China’s multi-year property crisis shows no sign of ending, as new home prices fell for the tenth straight month in April, with declines accelerating in smaller cities and weighing on the broader economy.

China’s housing market downturn deepened in April as new home prices fell for a tenth consecutive month, with declines accelerating in smaller cities, signaling that a series of government support measures have yet to stabilize the crisis-hit sector.
"There’s still a gap between these signals and a real pickup in actual buying power across the market, or a rapid recovery driven by that demand," Zhang Xiaoduan, a services head for real estate firm Cushman & Wakefield, said.
New commercial residential home prices in first-tier cities, including Beijing and Shanghai, fell 2.1 percent year-on-year, according to data released by the National Bureau of Statistics (NBS). Prices in second-tier cities dropped 3.3 percent, while third-tier cities saw the sharpest decline at 4.1 percent, a faster rate of decline than the previous month. The persistent fall in prices highlights the immense challenge Beijing faces in reviving a sector that once accounted for nearly a third of its economic activity.

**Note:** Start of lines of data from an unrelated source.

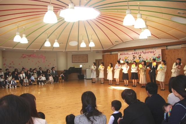 先生の紹介の後、みんなで歌を歌い、子どもたちと一人ひとり握手をして和やかな雰囲気の中で式は進行しました。
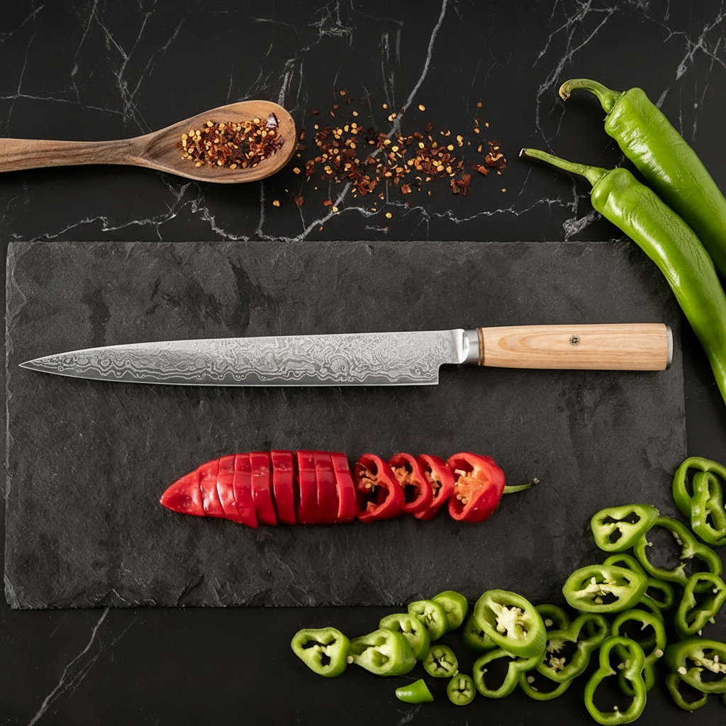 Ce couteau de gyuto est idéal pour les tâches de découpe, de tranchage de viande, poisson et légumes. Il est particulièrement adapté pour les tâches de préparation plus délicates telles que l'épluchage et le zestage. Avec ce couteau, vous pourrez également être un maître sushi; grâce à la longueur de la lame un seul passage sera nécessaire pour les coupes les plus complexes.
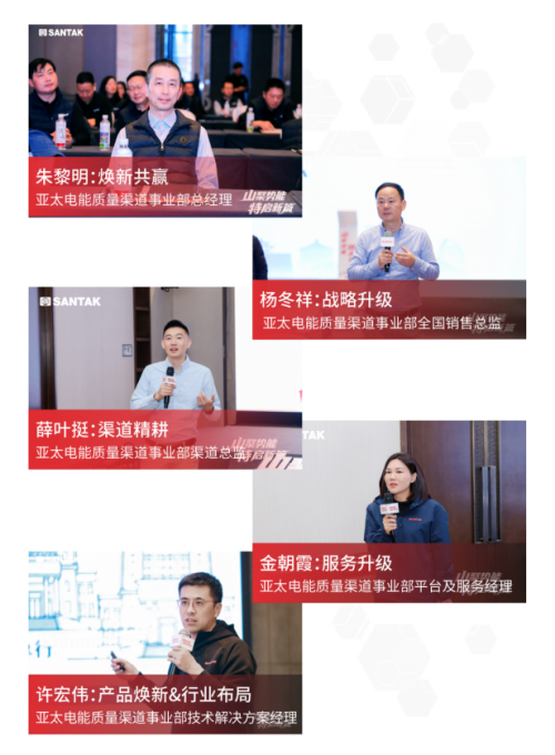 在會議中,亞太區電能質量渠道事業部總經理朱黎明、亞太區電能質量渠道事業部全國銷售總監楊冬祥,及山特各業務主要負責人圍繞“客戶、合作、產品、營銷、服務”等維度,深度解讀山特渠道戰略方向與制度優化,明確新發展目標。

The prolonged slump has shattered homeowner confidence and curbed demand for global commodities like iron ore and copper, creating headwinds for the global economy. For millions of Chinese households, where homeownership is deeply ingrained culturally and represents the primary store of wealth, the ongoing crisis has led to a painful reassessment of property as a guaranteed investment.

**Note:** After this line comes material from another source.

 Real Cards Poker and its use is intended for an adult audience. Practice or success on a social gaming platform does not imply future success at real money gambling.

The core of the issue is a widespread reluctance among potential buyers to take on new debt amid an uncertain economic outlook. Despite lower property prices, many citizens are hesitant to enter the market due to concerns over job stability and income growth.
"It isn’t the case that people aren’t unwilling to buy," said Mandy Feng, a 30-year-old photographer in the southwestern city of Kunming. "But when everyone is struck by unstable income and isn’t making a lot of money, no one dares to get a mortgage." This sentiment is echoed by prospective buyers across the country, who are choosing to remain on the sidelines, further dampening sales and creating a vicious cycle of falling prices and weak demand.
For decades, China's property market was a seemingly unstoppable engine of growth, creating a homeownership rate of 90 percent that is unfathomable in the West. This was fueled by rapid economic liberalization, strong cultural preferences, and a belief that property values would only rise. However, the boom was built on a mountain of debt.
In 2020, the central government moved decisively to rein in the freewheeling sector, imposing strict rules on developer borrowing. The move triggered a wave of defaults, most notably by behemoth Evergrande, which was ordered to liquidate earlier this year, and has left other major firms like Country Garden and Vanke in distress. The crackdown left buyers with unfinished apartments and homeowners watching the value of their properties plummet.
The current generation's perspective on homeownership may be shifting permanently. Many younger Chinese, having witnessed the market's turbulence, are now more cautious and open to renting, a trend that could signal a long-term structural change. "China’s market is gradually becoming more similar to Western countries, where renting might become more mainstream in the future," said Zoe Zhang, a 35-year-old mother in Beijing.
This article is for informational purposes only and does not constitute investment advice.